Another powerful mind trick, called “Active Love,” from the book The Tools by Phil Stutz and Barry Michels, can help us choose kindness in our words and actions. 10 As you speak to someone, imagine love flowing from your chest to theirs, softening the space between you and creating a sense of calm and connection.


Mind Tricks Cheat Sheet

  1. Combat Performance Anxiety. Mentally describe the hidden aspects of your personality that you dislike or repress, also known as your Shadow. Give your Shadow a clear visual image. Let your Shadow accompany you, but no longer be a hidden part of you.  Partner with your Shadow instead of suppressing it. When it’s time to perform or present, focus on your Shadow, and speak with it in one voice of authority.
  2. Stop Craving Sugar and Junk Food. Create a personal list of foods that are most harmful to your health. Consult with your doctor and conduct some research. Your list will likely include ultra-processed items, sugary snacks, and artificial additives. Then, whenever you’re tempted by something on that list, imagine the food as if it were made of scented plastic. Picture what consuming plastic would do to your body.
  3. Stop Late-Night Eating. Set clear boundaries around when and where you eat. Limit eating to the kitchen or dining area only. Introduce a “kitchen closing” ceremony. After your last meal, clean up, put all food away, and turn off the lights. This signals to your brain that eating is done for the day. When late-night cravings hit, gently remind yourself: “The kitchen is closed now. There is nothing to find there.”
  4. Start Exercising Regularly.  Use the weekend to plan your workouts for the week ahead. Reflect on how challenging it can be to carve out “me time” for exercise and why that makes it so valuable. On low motivation days, wear your workout clothes and remind yourself: “This is my time. I worked hard for this hour. It’s all about me, and I will make it count.” Repeat this mantra whenever you need a boost.
  5. Overcome Procrastination.  Use time pressure and a sense of urgency to drive actions. Shift your focus from long-term goals to short-term timeframes by zeroing in on “the next right step.” Break large initiatives into smaller, manageable sprints and set target dates, even if they’re self-imposed. Instead of waiting for large blocks of time to be available in your busy calendar, fit tasks into small pockets throughout your day.
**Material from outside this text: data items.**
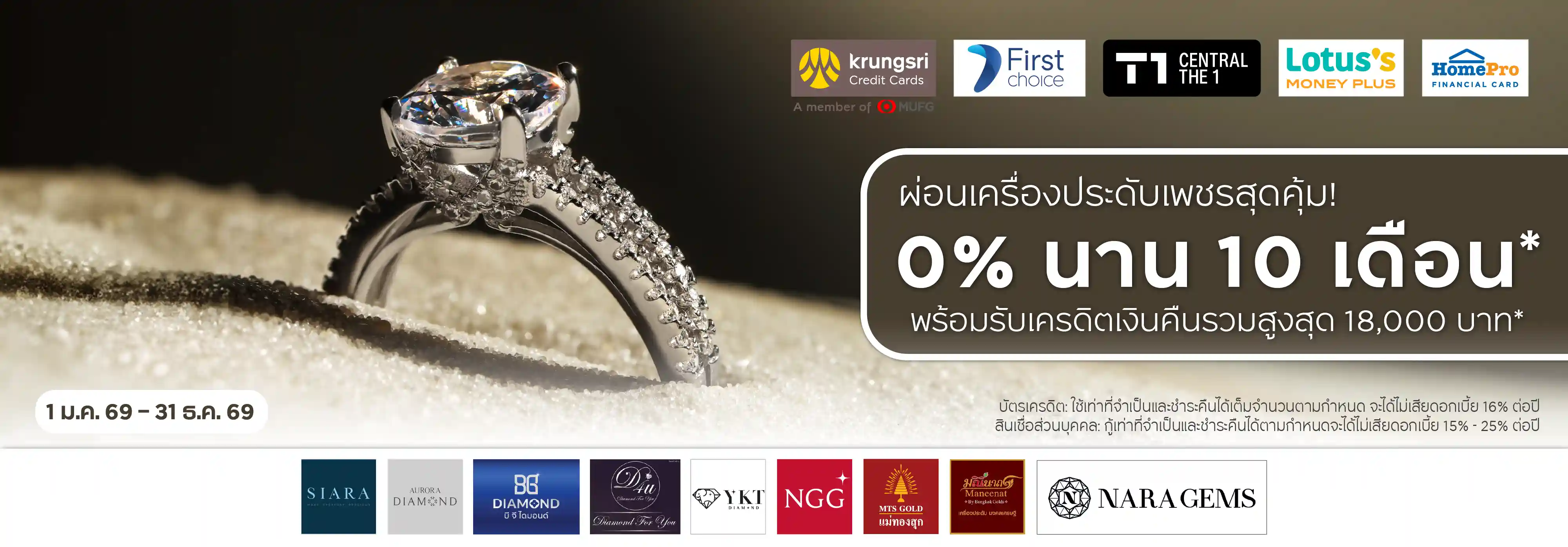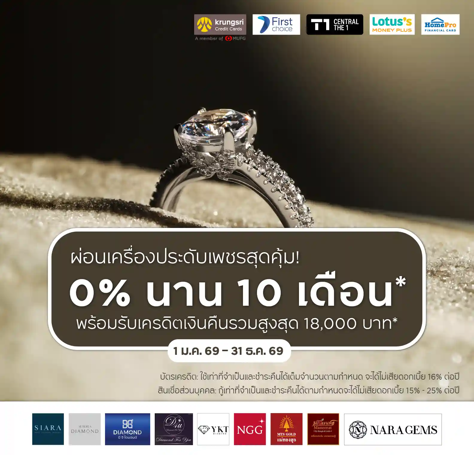 ผ่อนเครื่องประดับเพชร 0% พร้อมรับเครดิตเงินคืนสูงสุด 18,000 บาท*
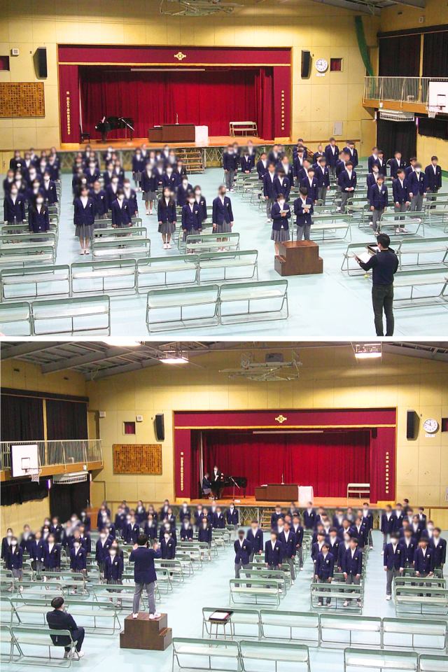 ※写真は1年2組と、2年2組の授業の様子です。
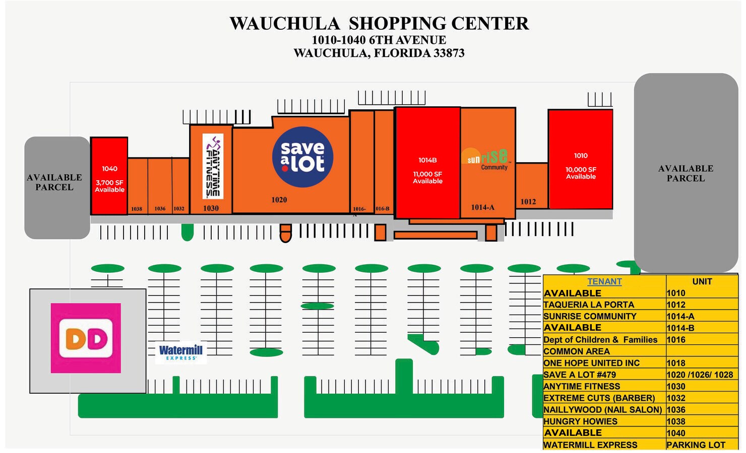 JOIN SAVE A LOT, ANYTIME FITNESS, DUNKIN DONUTS. THIS ATTRACTIVE SHOPPING CENTER IS LOCATED IN THE HEART OF WAUCHULA, FLORIDA. UNITS ARE AVAILABLE FOR OCCUPANCY. NORTHWEST CORNER OF U.S. HIGHWAY AND STENSTROM ROAD IN WAUCHULA, HARDEE COUNTY, FLORIDA

  6. Think Before You Speak. When you talk to people, imagine that you are on camera, which can be true. When you write, imagine that your words are featured on the front page of a major publication. Imagine someone you admire. How do they act when they feel triggered? As you speak to someone, imagine love flowing from your chest to theirs, softening the space between you and creating a sense of calm and connection.
FOOTNOTES
  1. The Inner Authority tool, created by Phil Stutz and Barry Michels, is designed to calm performance anxiety in social situations, confrontations, and public speaking.
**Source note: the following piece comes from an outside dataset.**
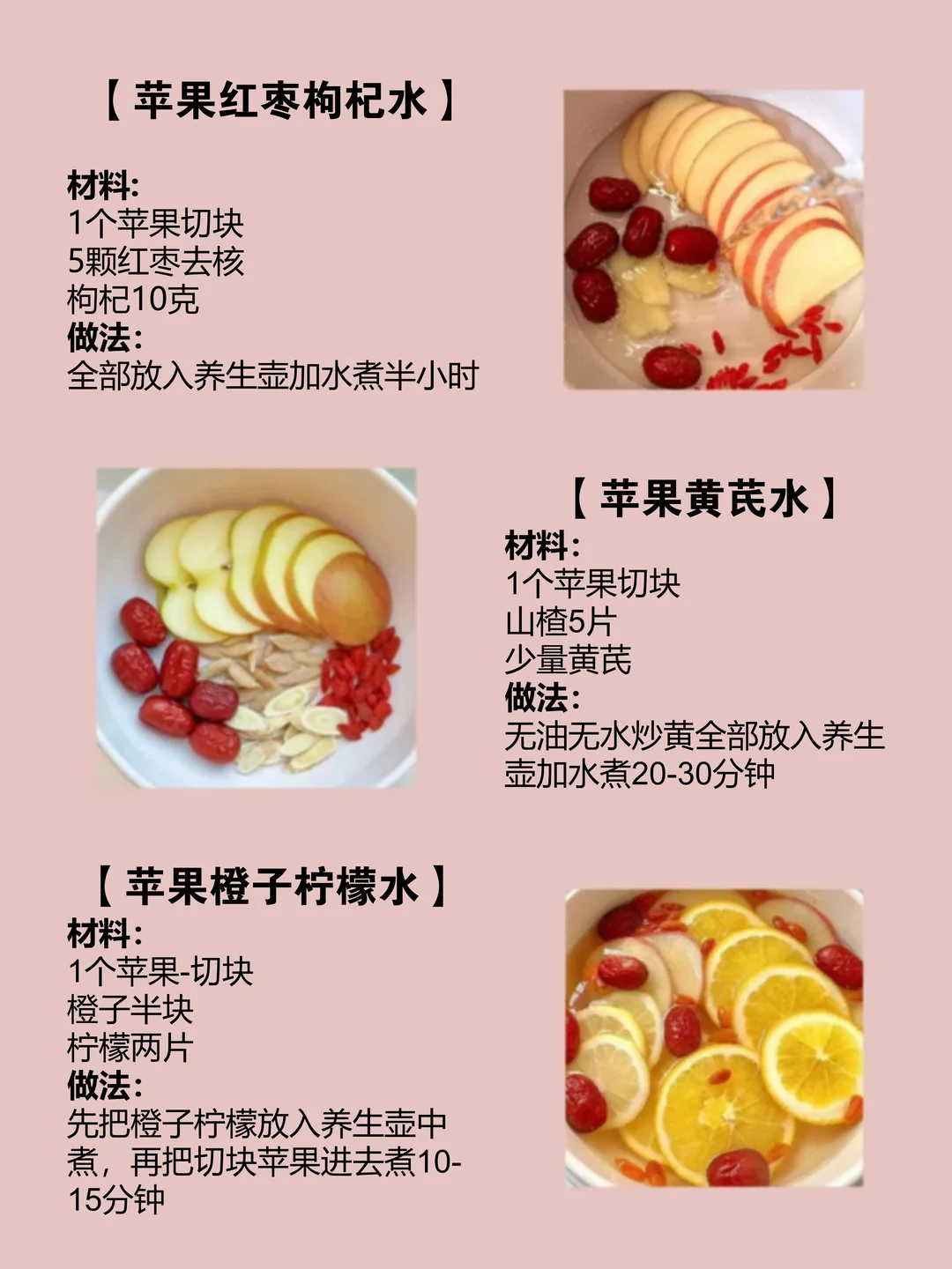 搭配一:1个苹果-切块、5颗红枣-去核、枸杞10克,全部放入养生壶加水煮半小时

  2. Harvard Medical School scientists at Brigham and Women’s Hospital discovered that eating later in the day can lead to increased hunger and a higher likelihood of obesity.
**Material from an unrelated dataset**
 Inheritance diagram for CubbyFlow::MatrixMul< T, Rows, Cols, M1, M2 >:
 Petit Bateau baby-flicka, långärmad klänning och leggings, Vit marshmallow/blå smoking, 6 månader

  3. According to the National Health and Nutrition Examination Survey, eating at night is associated with an increased risk of death from all causes, cancer, and diabetes.
  4. A team at the University of California, Los Angeles found that late-night eating can impair learning and memory.
  5. Writing for Turmerry, Chinmay Shankar emphasizes that using your bed solely for sleeping helps your brain associate it with rest, leading to better sleep.
  6. The longer you go without exercise, the more you settle into inactivity. Research cited in Psychology Today suggests it takes at least six weeks to form a new exercise habit.
  7. A study in the Proceedings of the National Academy of Sciences found that building a gym habit can take up to six months.
  8. While delivering the commencement address at Agnes Scott College in Georgia, Oprah Winfrey told graduates, “You move forward by taking the next right step.”
  9. Eamon Dolan, Vice President and Executive Editor at Simon & Schuster, shared with The Telegraph a personal story of verbal abuse by his mother that ultimately led to their estrangement.
  10. The Active Love tool, developed by Phil Stutz and Barry Michels, helps transform anger and lingering grudges into clarity, compassion, and emotional freedom.